PARAGON Diamonds on Monday warned of “material uncertainty” over its financial position until a funding package is secured.
The Alternative Investment Market-listed company, which committed to buy a 75 percent stake in Lesotho’s Mothae Diamond Mine from Canada’s Lucara Diamond in May, had trading in its shares temporarily suspended on Monday until it could clarify its financial position. Paragon said it can give “no assurances” over the terms and timing of new funding arrangements.
“The directors of Paragon remain in negotiations with possible funding providers to secure finance to complete the acquisition of Mothae, provide development funding for Lemphane and to repay short-term debts, including the £500 000 (about M10.8 million) loan facility, which is due on November 18,” Paragon noted in a statement.
If that loan is not repaid within five business days, Paragon will be in default, and the lender will be able to demand immediate repayment of the loan at 120 percent of the outstanding amount, or the lender may convert the outstanding loan into shares in the company.
Paragon Diamonds was incorporated i13n 2010. In May 2011, it completed the acquisition of International Diamond Consultants, a privately-owned group of companies which held a prospecting licence over the Lemphane Kimberlite project in Lesotho. The subsequent exploration programme resulted in the award of a mining lease for the Lemphane Kimberlite in March 2014.
Paragon secured the formal approval necessary from government to complete the acquisition and operatorship of Mothae Diamond Mine in May from Lucara Diamond Corp. The approval followed Paragon’s finalisation of an agreement on 14 July 2015with Lucara Diamond Corporation to purchase its 75 percent stake in Mothae for $8.5-million (about M92.42 million).
Situated on the southern edge of the Kaapvaal Craton, which hosts the diamondiferous northern Lesotho kimberlite field, Mothae Diamond Mine is only five kilometres from Gem Diamonds’ Letšeng mine. Mothae Diamond Mine is 25 percent-owned by the government of Lesotho.
Next to Letšeng mine, Mothae Diamond Mine has an indicated resource of one million carats and an inferred resource valuation of $1 billion.
According to Mining.com, Paragon’s situation reflects the challenging times currently affecting large parts of the diamond chain.
“Dealers are facing increasing difficulties to sell their existing inventory into softening markets, while also facing tougher financing conditions.
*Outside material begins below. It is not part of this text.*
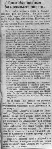 | Keywords: Помагаймо жертвам большевицького звірства.jpg  uk  ате іали д укованої п еси науково-довідкової бібліотеки де жавного а хіву Че нівецької області які висвітлюють події Голодомо у на Ук аїні 1932  1933  оків Газета  а одна сила 22 т авня 1932   18 с 1 Author 1932 Holodomor Newspapers of Ukraine 1932 PD-old Funds of state archive of Chernivtsi Oblast |
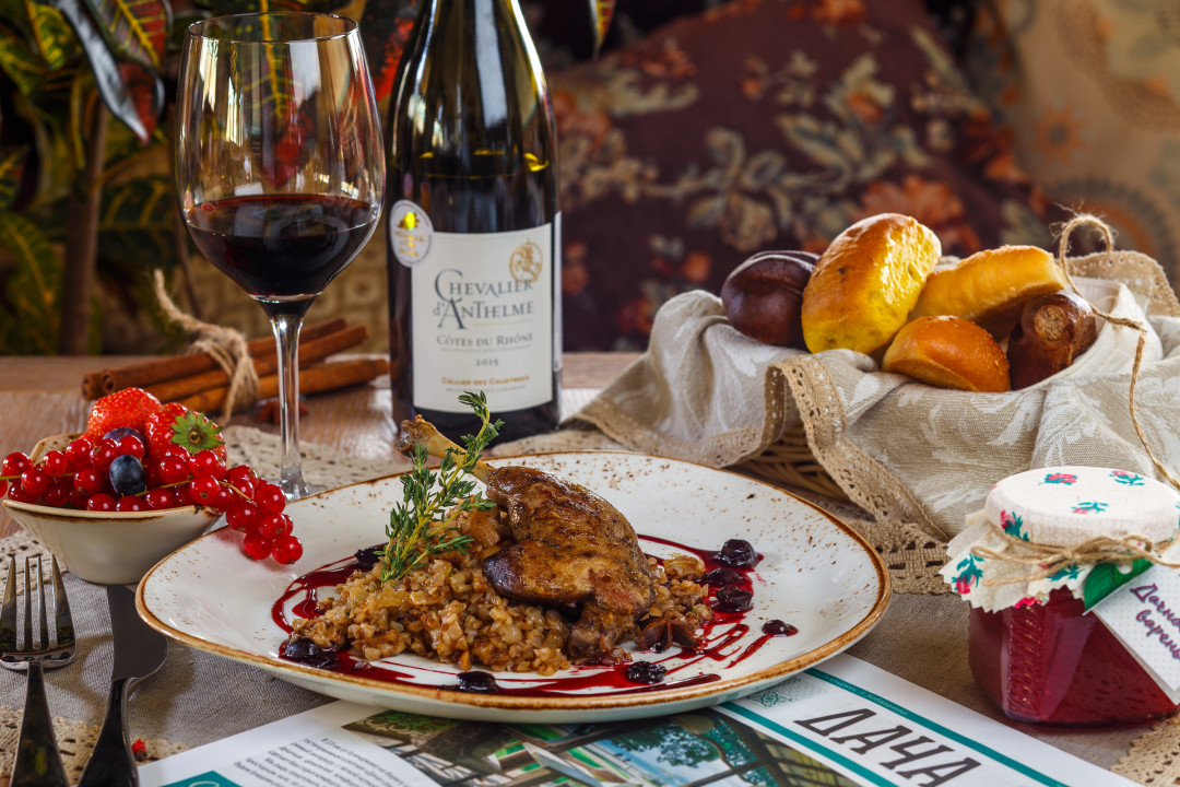 В меню современные интерпретации классических русских рецептов, а блюда из собственной коптильни, домашние морсы, компоты и варенье придадут вашему застолью особенное настроение.

At the same time, major players such as Anglo American-owned De Beers, the world’s No.1 diamond producer, are finding it difficult to place expected volumes of rough stones with traders and polishers,” the publication noted.
“And even Russia’s Alrosa, the world’s top diamond producer by output in carats, said last month it was able to sell only 42 percent of the precious stones it mined in the quarter ending in September.”